# EXERCISE
Carry none of the pictures over; write out the complete data exactly.

# DATA SECTION
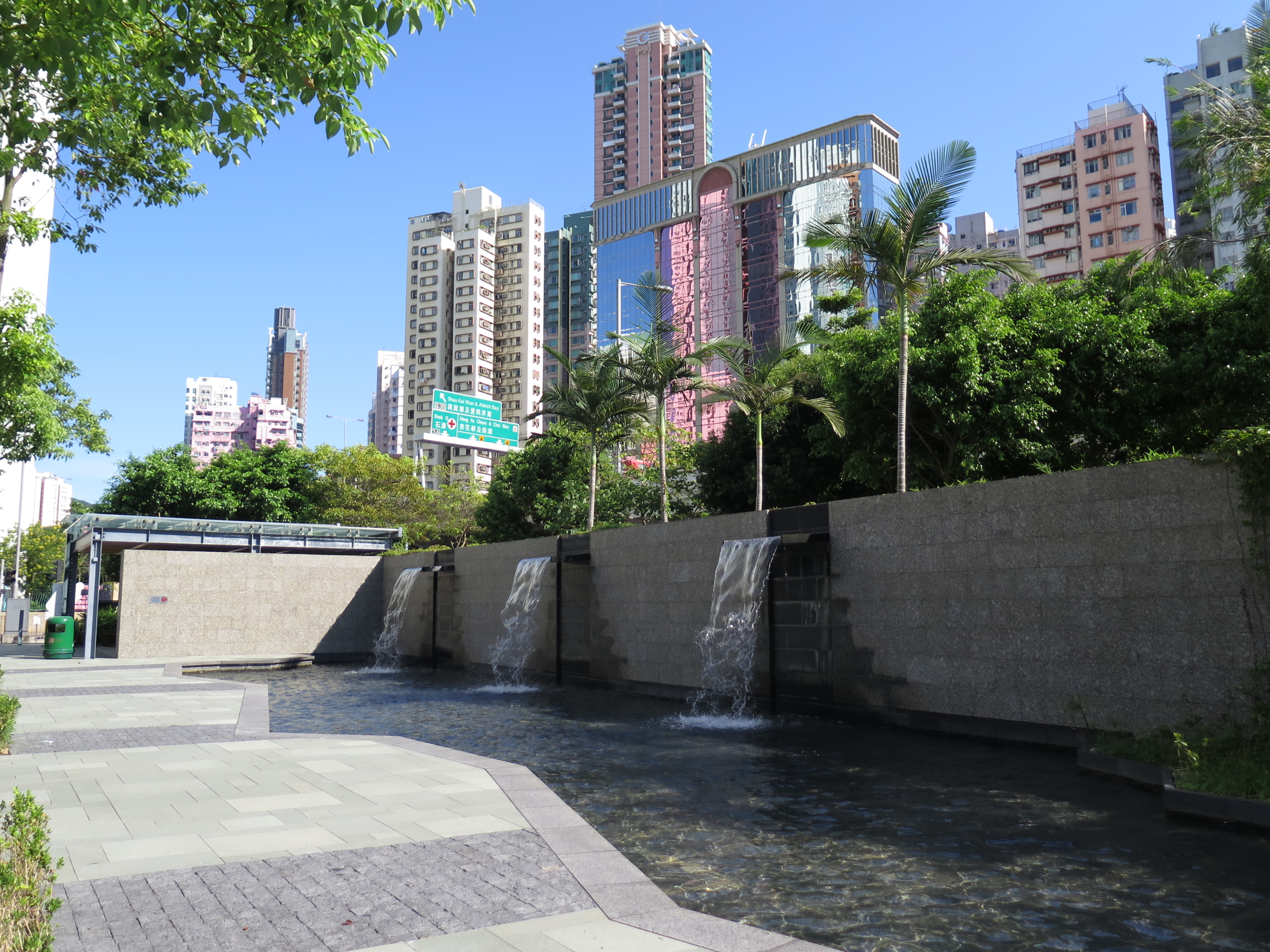 Aldrich Bay Park
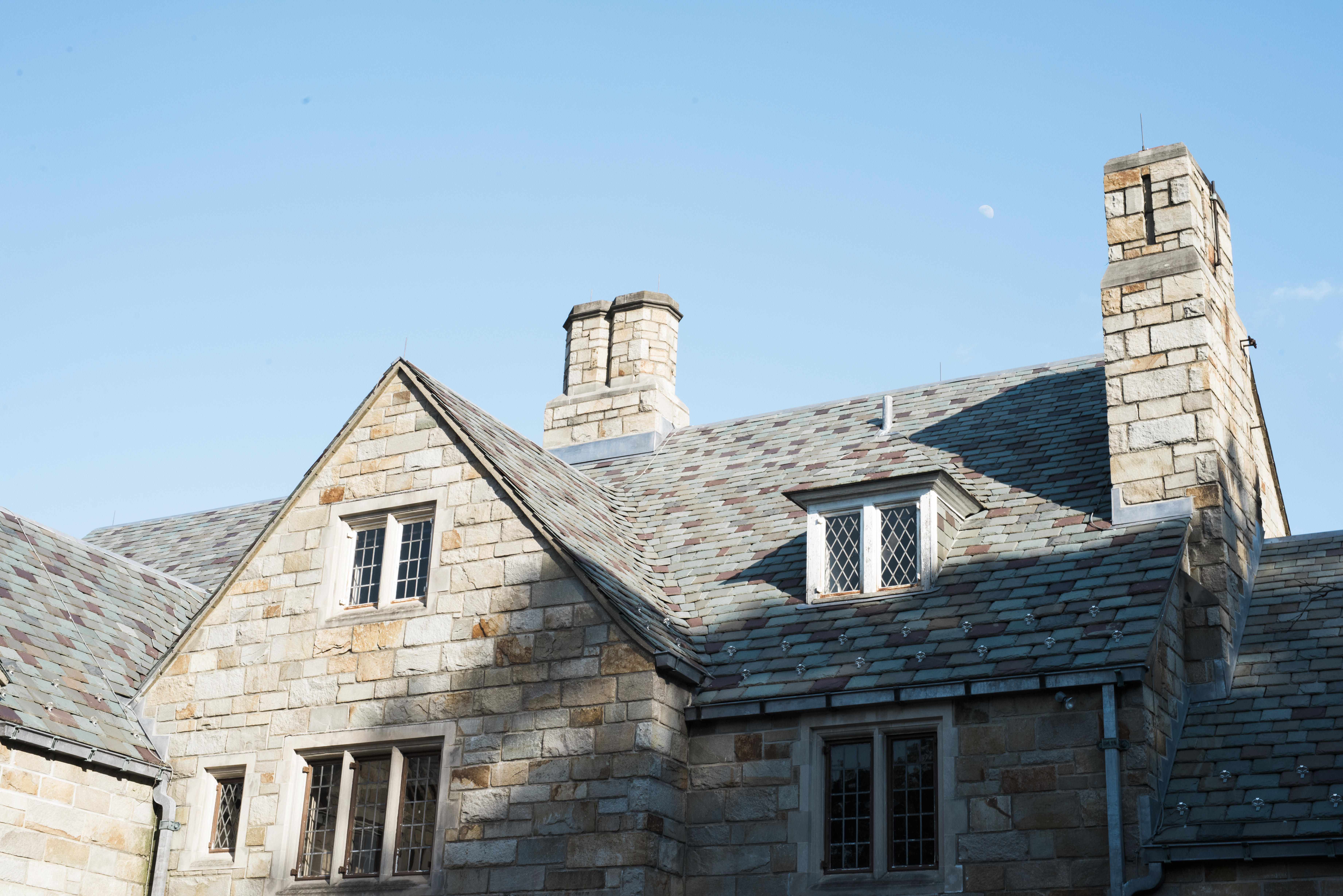 Gallaher Mansion is located in Norwalk, near Wilton CT.
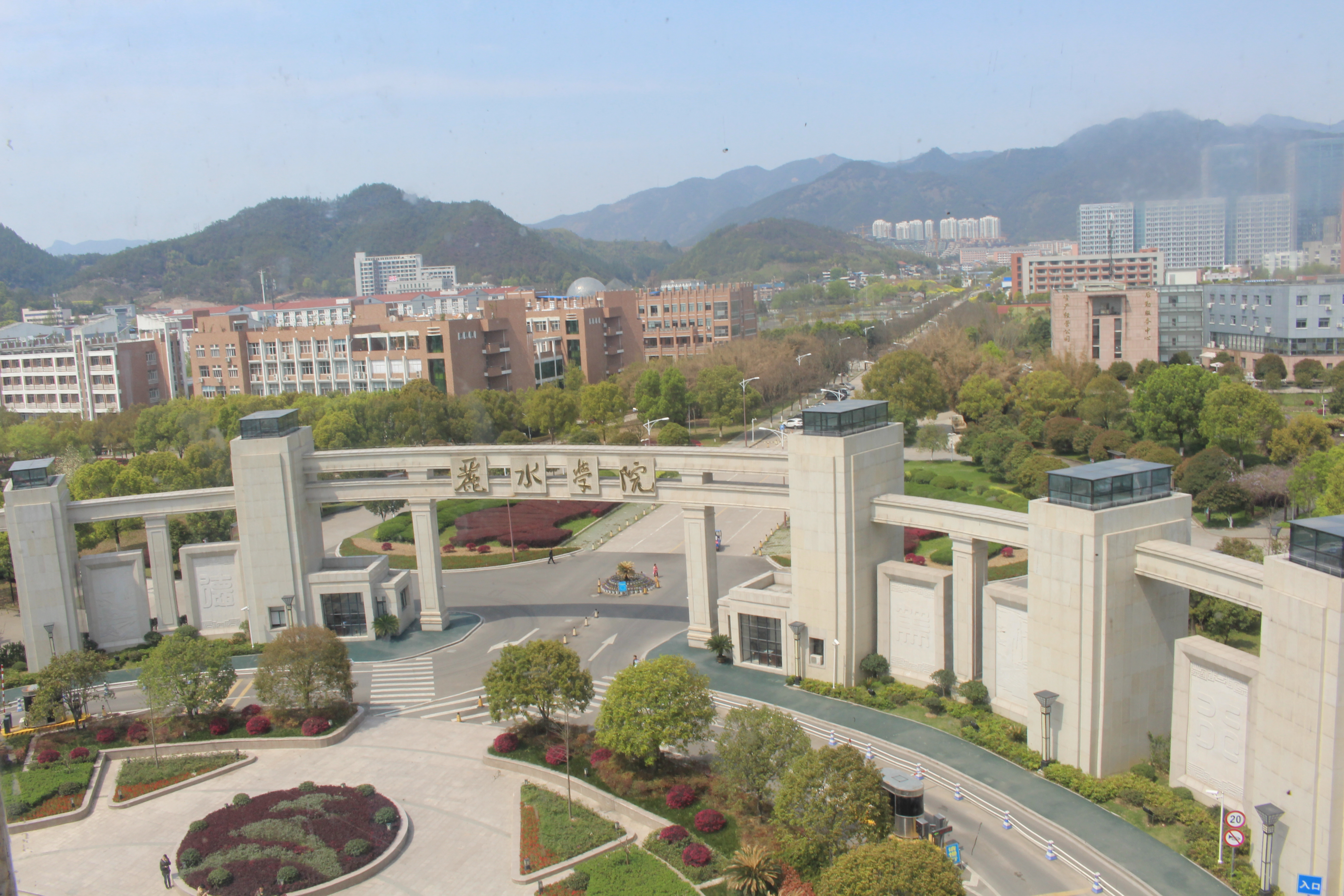 The school gate of Lishui University in Lishui, Zhejiang, China.

# YOUR SOLUTION
 Aldrich Bay Park
 Gallaher Mansion is located in Norwalk, near Wilton CT.
 The school gate of Lishui University in Lishui, Zhejiang, China.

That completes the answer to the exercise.